Prolog

1.1K 21 5
                                    

    Amelia wychodziła na deszczowe ulice Seulu z wielkiego szarego wieżowca z dużym oknami.Szklane drzwi budynku zamknęły się za siedemnastolatką i wypuściły ją na ponurą ulice.Rozłożyła swoją czarna dużą parasolke i poszła na przystanek  autobusowy.Ulice wydawały się ponure mimo tego, że przemieszczało się nimi wiele ludzi, którzy byli tak zabiegani, że nie zauważyliby nawet jakby ktoś rzucił tu granatem.
Dziewczyna minęła kilka metrów i znalazła się na malutkim oszklonym przystanku.Na jego ściankach wisiały różne plakaty w większości o kpopowych grupach i o ich koncertach.Amelia siedziała lekko skulona w rogu przystanku patrząc na te wszystkie plakaty z zawiedzeniem, że nie ma czasu pójść na żadna z tych okazji dopóki nie znajdzie stablinej dodatkowej pracy.Była dopiero w liceum ale chciała się już ustatkować mimo, że jej rodzice nalegali aby z tym poczekała. Chciała być samodzielna, ale coś jej to narazie nie wychodzi.Po chwili na przystanek przyjechał jej czarnob-biały obklejony plakatami, które zmieniają się co tydzień autobus.Zapłaciła za bilet i usiadła w jednym z pierwszysch rzędów przy oknie opierając głowe na szybie po ciężkim dniu.

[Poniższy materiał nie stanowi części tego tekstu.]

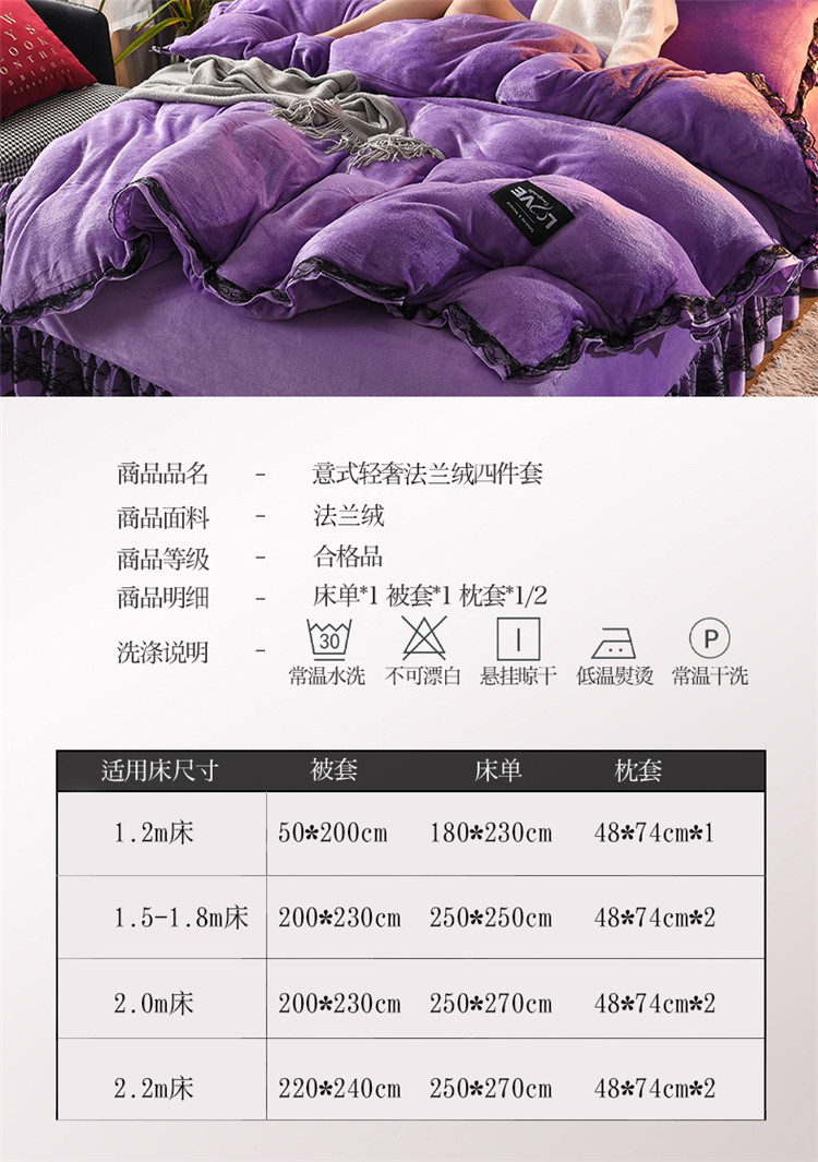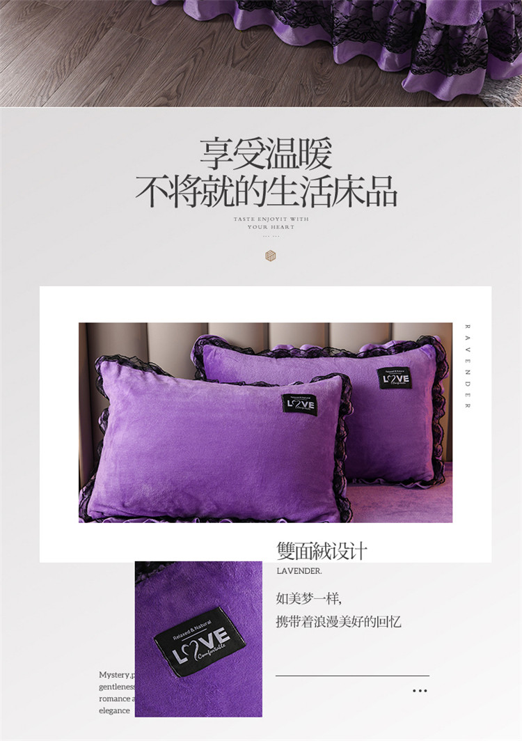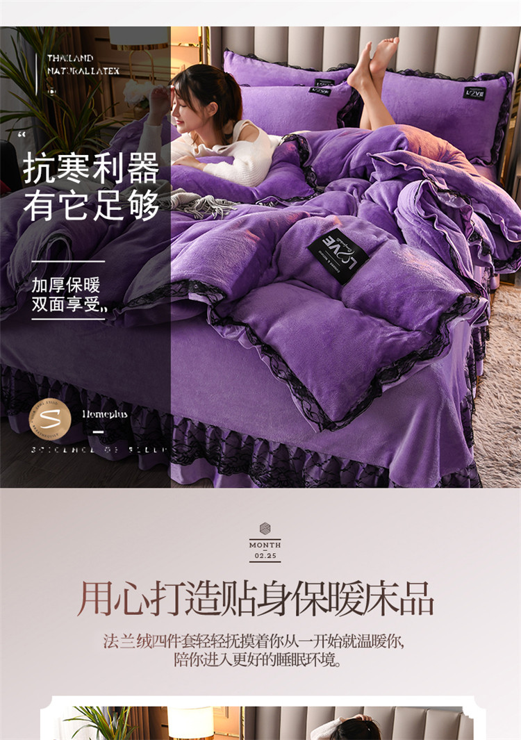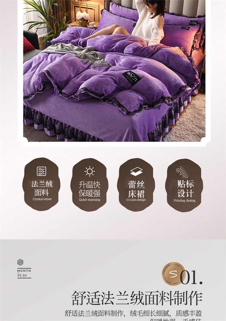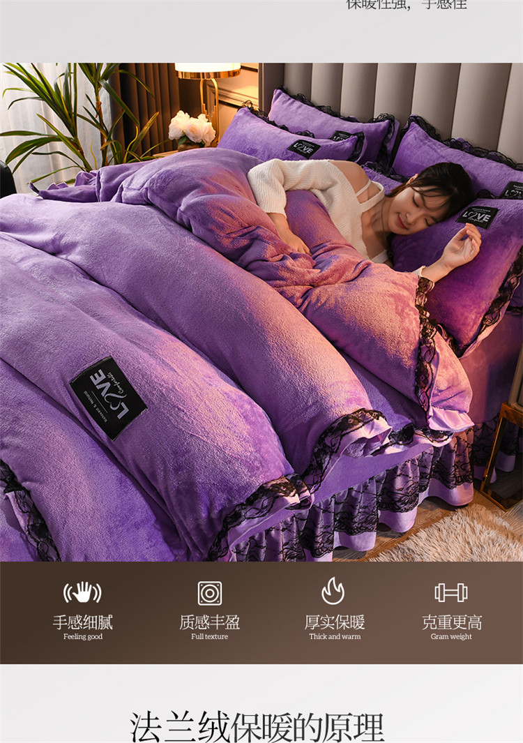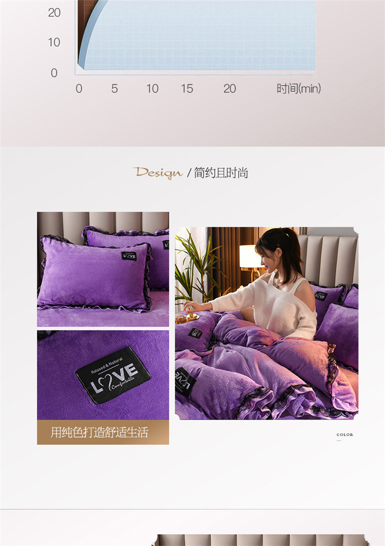 商品名称:铠畅 2022新款牛奶绒四件套-倾城系列 倾城浅紫

Amelia dotarła na ulicę blisko swojego mieszkania i wysiadła z autobusu.Jej oczą ukazał się wielki wieżowiec jakiejś korporacji, był wielki, wręcz ogromny.Był wysoki na kilka metrów i dosyć szeroki.Zrobiła ona duże oczy i wpatrywała się w budnek dopóki ktoś jej nie tknął w ramię.

-Panienko proszę iść już do domu bo późno.-mruknął nawet mile wyglądający ochroniarz budynku.Amelia w jedym momencie zarumieniła się przez swoją głupotę znalazła się w głupiej sytuacji.

-A-a tak dziękuję.- kiwnęła do niego głową i poszła do swojego bloku.Weszła na klatkę schodową wpisując kod do domofonu wyjęła całkiem nową biało niebieską kartę i otworzyła nią białe drewniane drzwi od mieszkania.Przywitało ją szczekanie małego kudłatego maltańczyka.Schyliła się do niego, a on jak wytresowany wskoczył jej na ręce.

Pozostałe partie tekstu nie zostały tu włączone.